Reviewed-by: Marc Zyngier <maz@kernel.org>
Link: https://lore.kernel.org/r/20241025182354.3364124-9-oliver.upton@linux.dev
Signed-off-by: Oliver Upton <oliver.upton@linux.dev>

diff --git a/arch/arm64/include/asm/kvm_emulate.h b/arch/arm64/include/asm/kvm_emulate.h
index a601a9305b104f3fb4c4d32746616d71a90bf0d5..bf0c48403f594eb9492f4433f2975dfa3de72494 100644 (file)
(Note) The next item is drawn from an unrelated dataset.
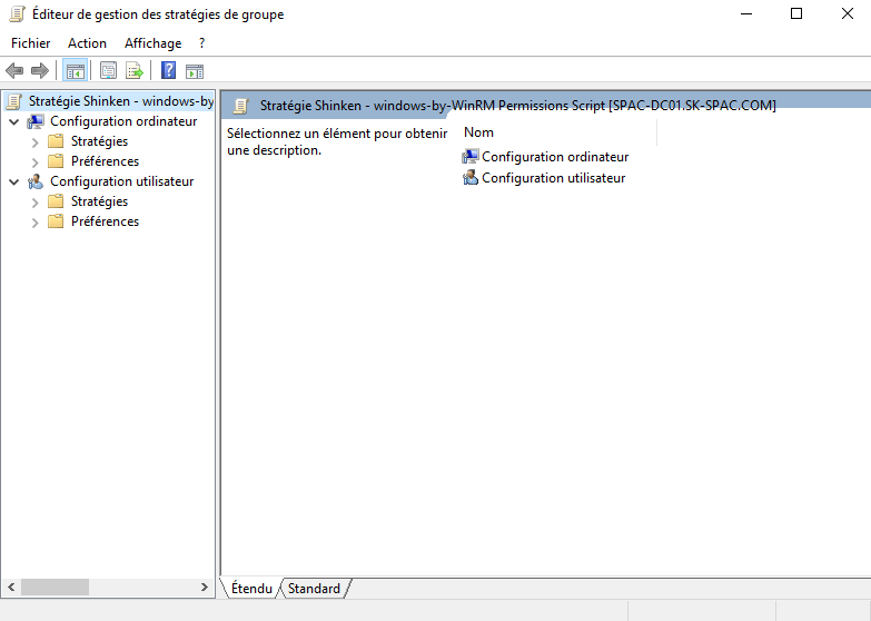 La dernière étape de la configuration est d'accrocher deux scripts à une nouvelle GPO qui va les déployer.

--- a/arch/arm64/include/asm/kvm_emulate.h
+++ b/arch/arm64/include/asm/kvm_emulate.h
@@ -225,6 +225,11 @@ static inline bool is_hyp_ctxt(const struct kvm_vcpu *vcpu)
        return vcpu_has_nv(vcpu) && __is_hyp_ctxt(&vcpu->arch.ctxt);
 }
 
+static inline bool vcpu_is_host_el0(const struct kvm_vcpu *vcpu)
+{
+       return is_hyp_ctxt(vcpu) && !vcpu_is_el2(vcpu);
+}
+
 /*
  * The layout of SPSR for an AArch32 state is different when observed from an
  * AArch64 SPSR_ELx or an AArch32 SPSR_*. This function generates the AArch32

diff --git a/arch/arm64/kvm/emulate-nested.c b/arch/arm64/kvm/emulate-nested.c
index e1a30d1bcd064877a12191966dfdb2a1cc5aac81..b072098ee44ec33e23225673c53210f48dd13a6d 100644 (file)
--- a/arch/arm64/kvm/emulate-nested.c
+++ b/arch/arm64/kvm/emulate-nested.c
@@ -20,6 +20,9 @@ enum trap_behaviour {
        BEHAVE_FORWARD_READ     = BIT(0),
        BEHAVE_FORWARD_WRITE    = BIT(1),
        BEHAVE_FORWARD_RW       = BEHAVE_FORWARD_READ | BEHAVE_FORWARD_WRITE,
+
+       /* Traps that take effect in Host EL0, this is rare! */
+       BEHAVE_FORWARD_IN_HOST_EL0      = BIT(2),
 };
 
 struct trap_bits {
@@ -2128,11 +2131,19 @@ static u64 kvm_get_sysreg_res0(struct kvm *kvm, enum vcpu_sysreg sr)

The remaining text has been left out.